Я резко отхожу от мамы, отворачиваюсь и направляюсь к врачебным и процедурным кабинетам.
— Ты куда? Надя, я прошу остановись. Ты в положении, по всей видимости… Нервная и депрессивная какая-то! Шалят гормоны, малыш?
— Кто тебе такое сказал? — останавливаюсь и ловлю спиной резко затормозившую родную женскую фигуру. — Кто? Я что, разве это в трубку произнесла, сообщила по секрету, или как вообще понять твои предположения? Мам…
— Просто, обычно женщины сюда приходят на плановый осмотр или по причине…
— Возможно, женского нездоровья, мама. А не только по беременности и предстоящим родам. Ты забылась от счастья, что скоро станешь бабкой? Так я еще не сказала заветное слово «да», хотя все так настойчивы.
Надеюсь, Господи, что пока!
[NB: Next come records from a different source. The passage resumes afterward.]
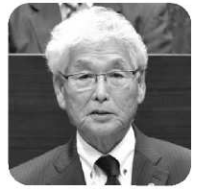
社民 筒井 紀夫
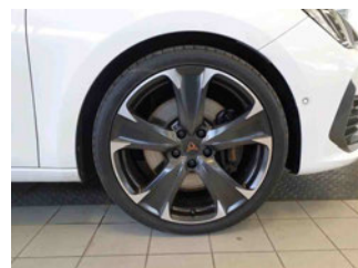
Räder - Rad montiert vorne rechts
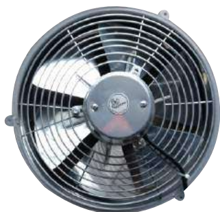
EP 40 ME C/R Para pared.
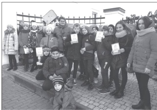
Катание «сырных голов» - это круто!

Ребята школы №12 посетили интерактивный Музей сыра и мастерскую шоколада в г. Кострома.
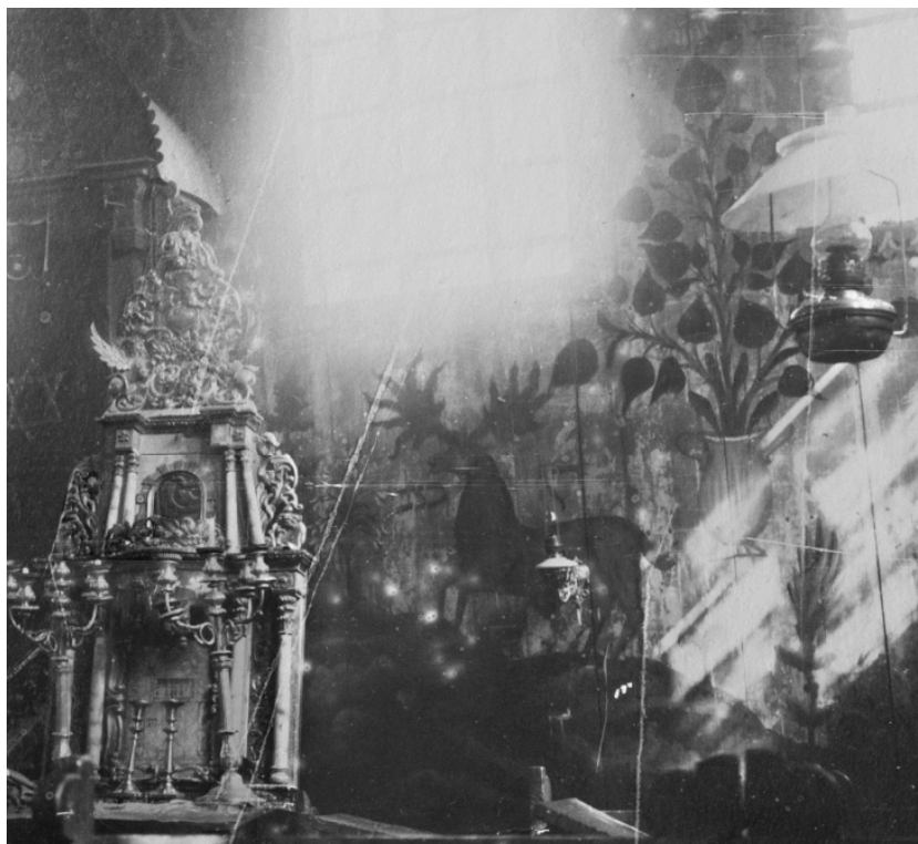
Рис. 11. Уланов. Винницькая обл. Деревянная синагога. XIX в. Восточная стена с арон-кодешем и фрагментом росписи. Фото Д. Щербаковского, 1920-е гг. (ИА. Ф.9. Д.73. Ед.хр. 182 (49)).

аспекты бытования этого ушедшего пласта художественной культуры.

Скажу, скажу… Ведь обещала!
Настойчивость Максима — напускная, как говорят, до поры до времени — рано или поздно, при положительном решении этих доблестных врачей, Морозов запросто перестанет ждать и не простит меня, а семь дней назад сказал, что и «пощады никогда не будет».
— С чего ты взяла? Надь! Ей-богу, что с тобой? Какое еще нездоровье? Что за чушь ты тут несешь? Выйди, пожалуйста, из режима «Андрей Прохоров» и приди, наконец, в себя. Да, я посчитала, что дочь пригласила меня на первую видео- и звукотрансляцию маленького бармалейчика, которого ты под сердцем прячешь. Извини пустоголовую мать, если была неправа и как-то невзначай обидела тебя. Хотя, если честно, я ничего не понимаю. Ты считаешь, что больна? Что за причина, повод, подозрения?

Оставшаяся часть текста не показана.